Extracted data entries:
*****
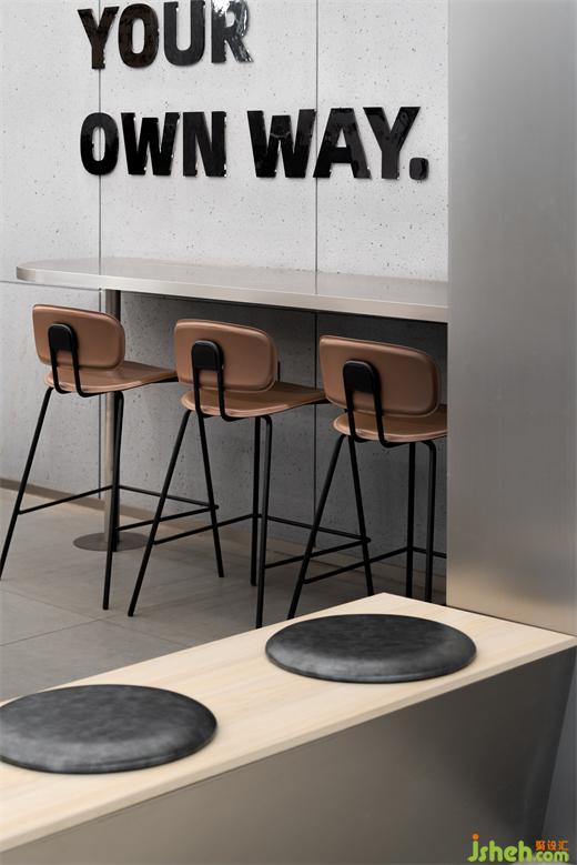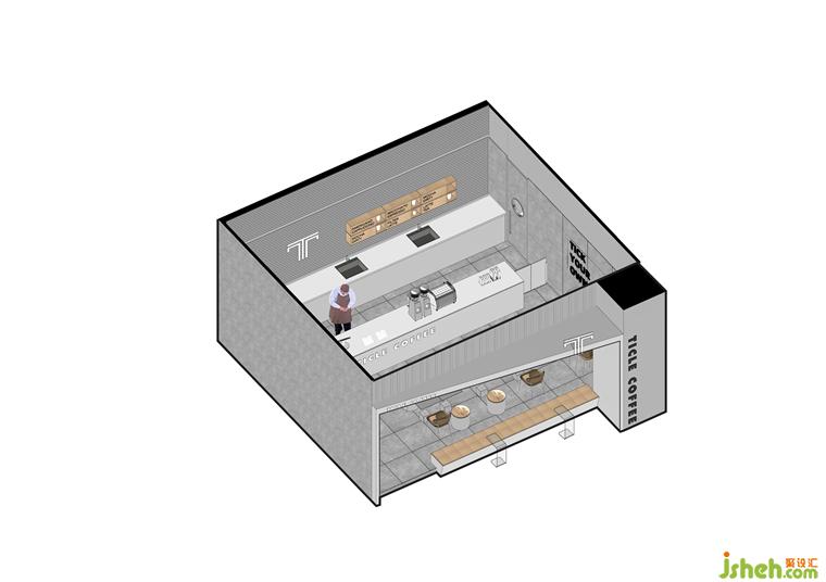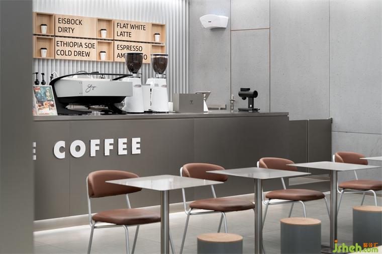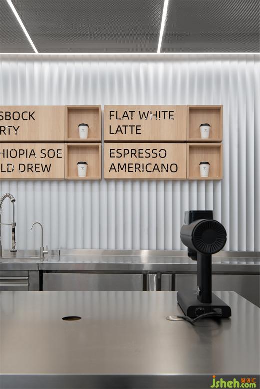 l 咖啡吧台设计延续Ticle传统的风格,吧台背景墙上做了一点突破,加入木饰面元素,即丰富了设计细节又平衡了与整体空间色调。
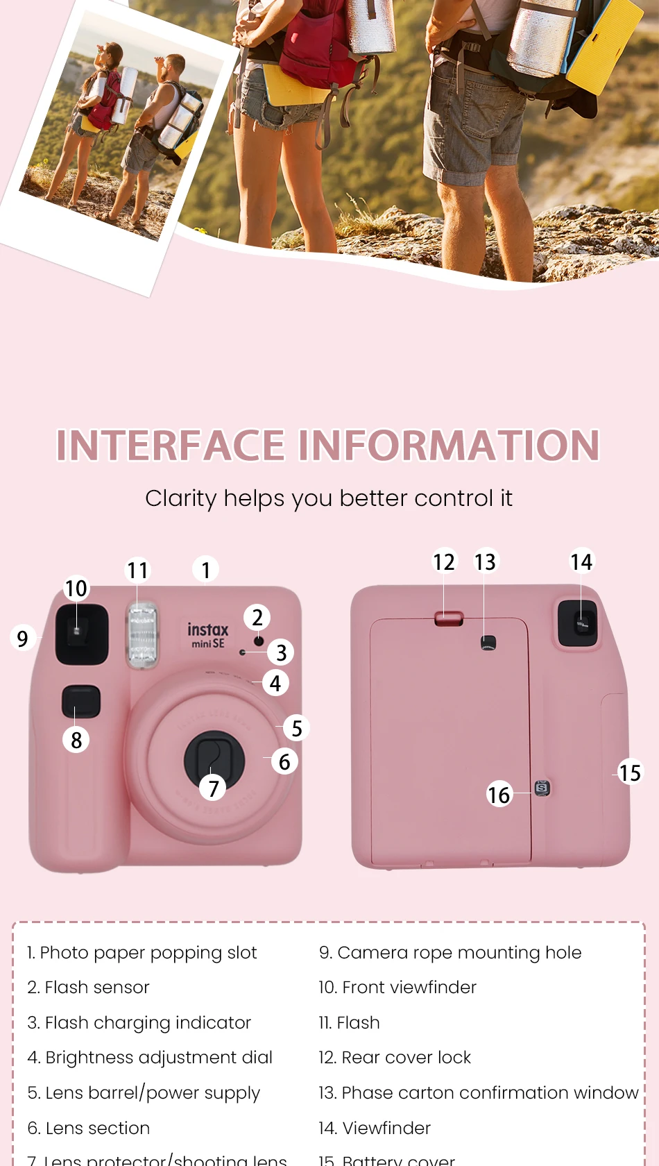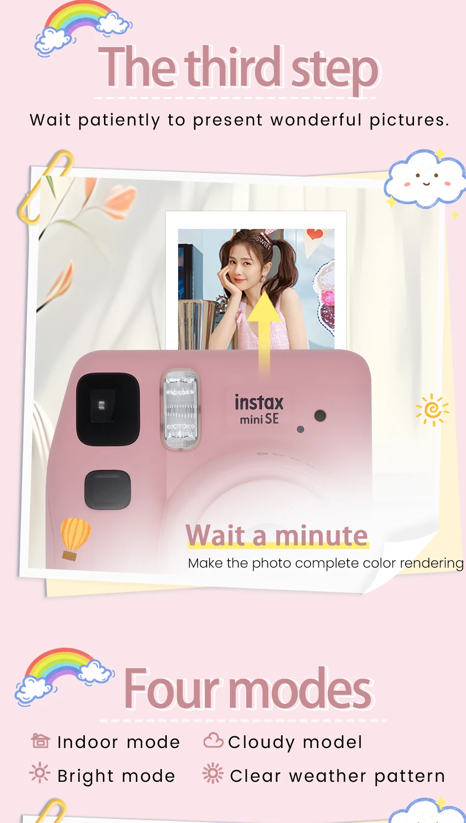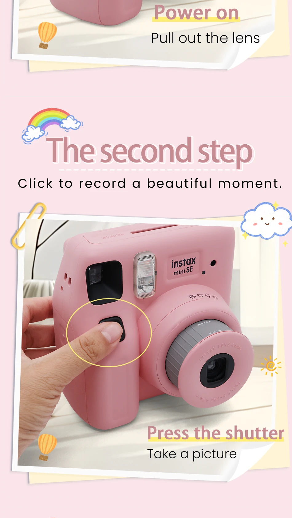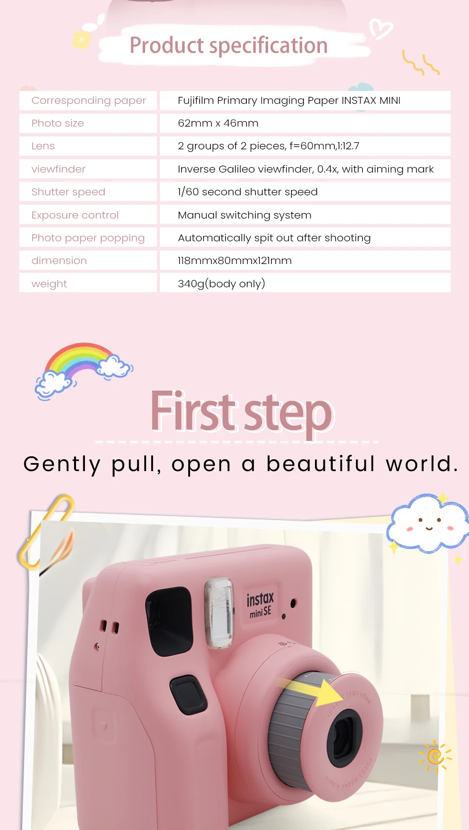 | Color | 10 Exposures Film, Mini SE White, Mini SE Pink, Mini SE Blue, SE White with shell, SE Blue with shell, SE Pink with shell |
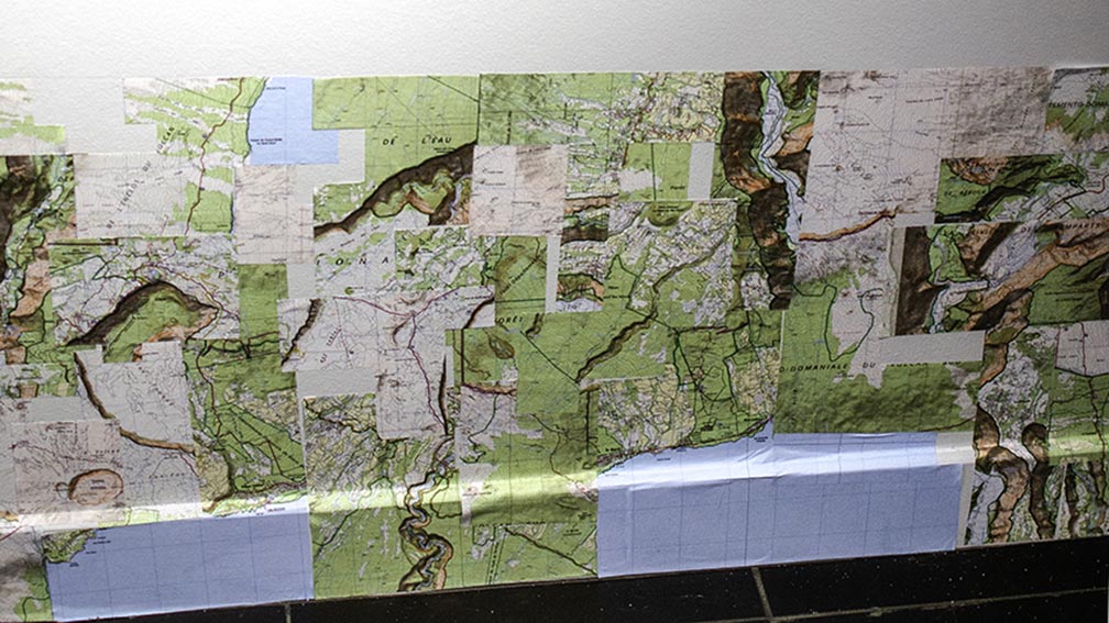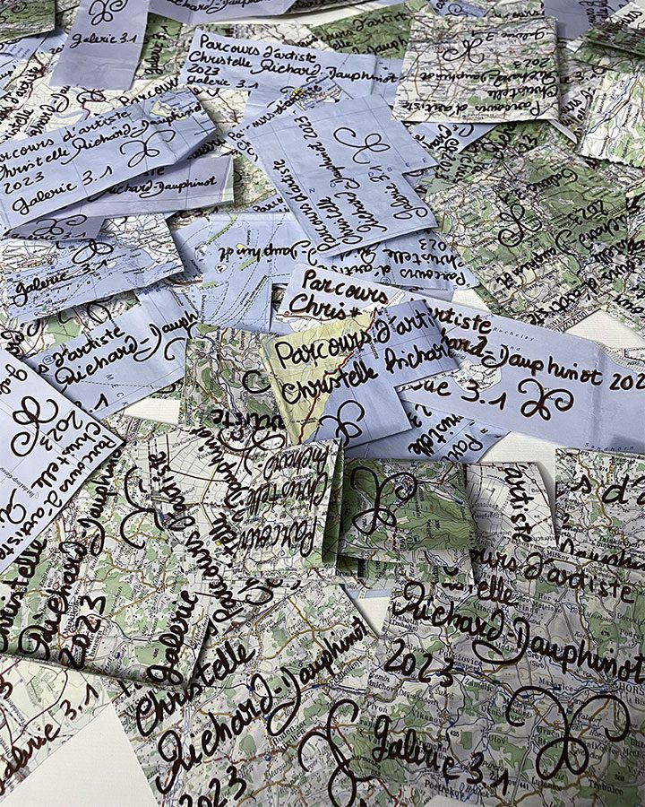 « La Wandererin se joue des frontières temporelles et terrestres ». A l’occasion de cette exposition, elle découpe des fragments de ses cartes de voyage pour composer un ensemble collé à même le mur de la galerie.
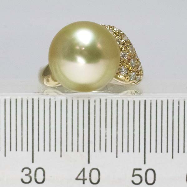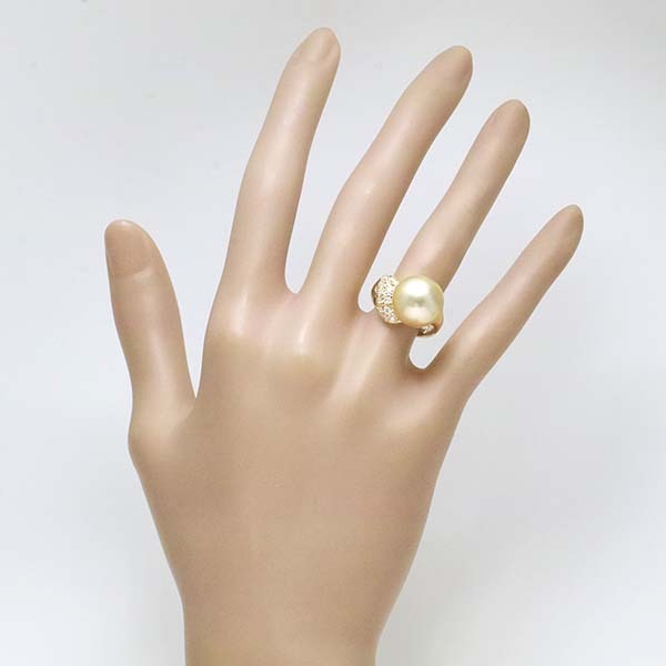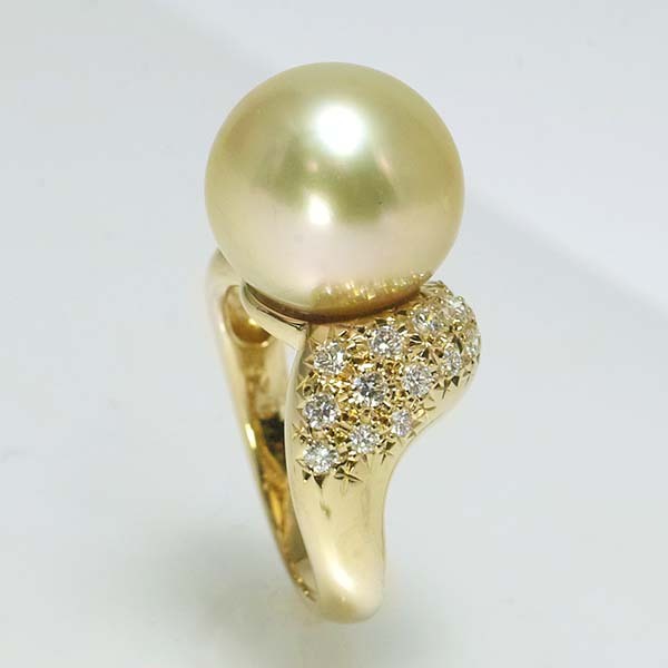 ゴールデンカラーの南洋真珠をメインにダイヤをセットしたタサキの18金製ファッションリング。| 商品詳細 | |||||||||||||||||||||||||||||||||||||
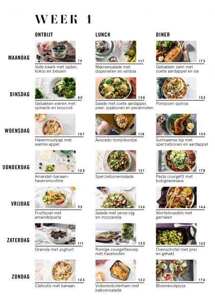 Het kookboek heeft overzichtelijke weekmenu’s en houdt rekening met een goede verhouding tussen eiwitten, koolhydraten en vetten.
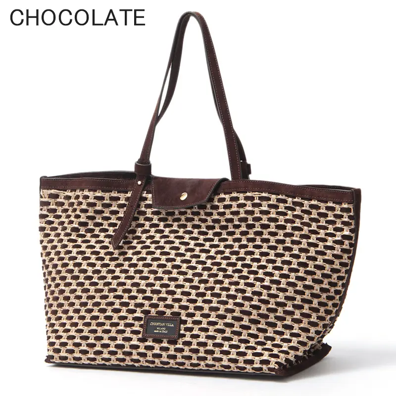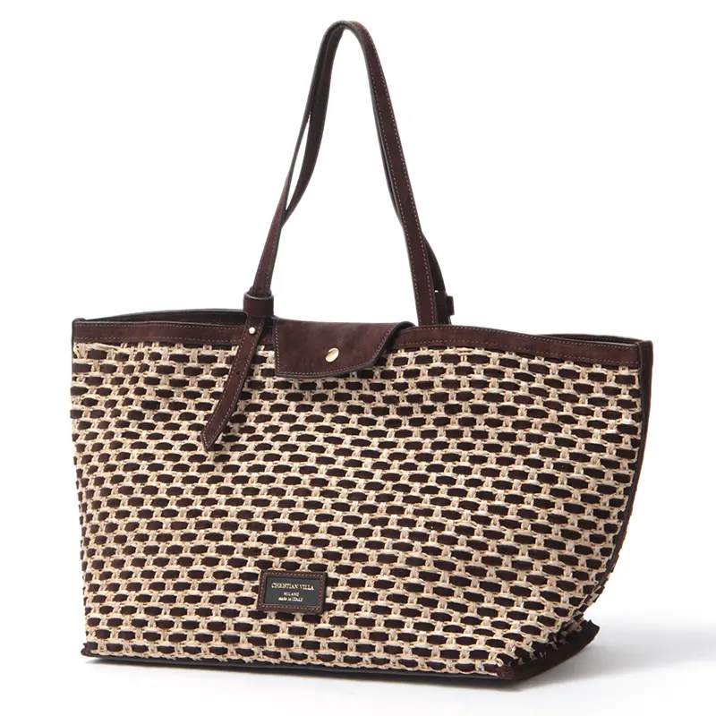 CHRISTIAN VILLA クリスチャンヴィラ ラフィア×スエード イントレチャート かごバッグ CHOCOLATE
*****
Work item:
Every line from the one with "de la galerie." to the end of the records above should be restated word for word, and no picture belongs in the copy.

Answer for the task:
 « La Wandererin se joue des frontières temporelles et terrestres ». A l’occasion de cette exposition, elle découpe des fragments de ses cartes de voyage pour composer un ensemble collé à même le mur de la galerie.
 ゴールデンカラーの南洋真珠をメインにダイヤをセットしたタサキの18金製ファッションリング。| 商品詳細 | |||||||||||||||||||||||||||||||||||||
 Het kookboek heeft overzichtelijke weekmenu’s en houdt rekening met een goede verhouding tussen eiwitten, koolhydraten en vetten.
 CHRISTIAN VILLA クリスチャンヴィラ ラフィア×スエード イントレチャート かごバッグ CHOCOLATE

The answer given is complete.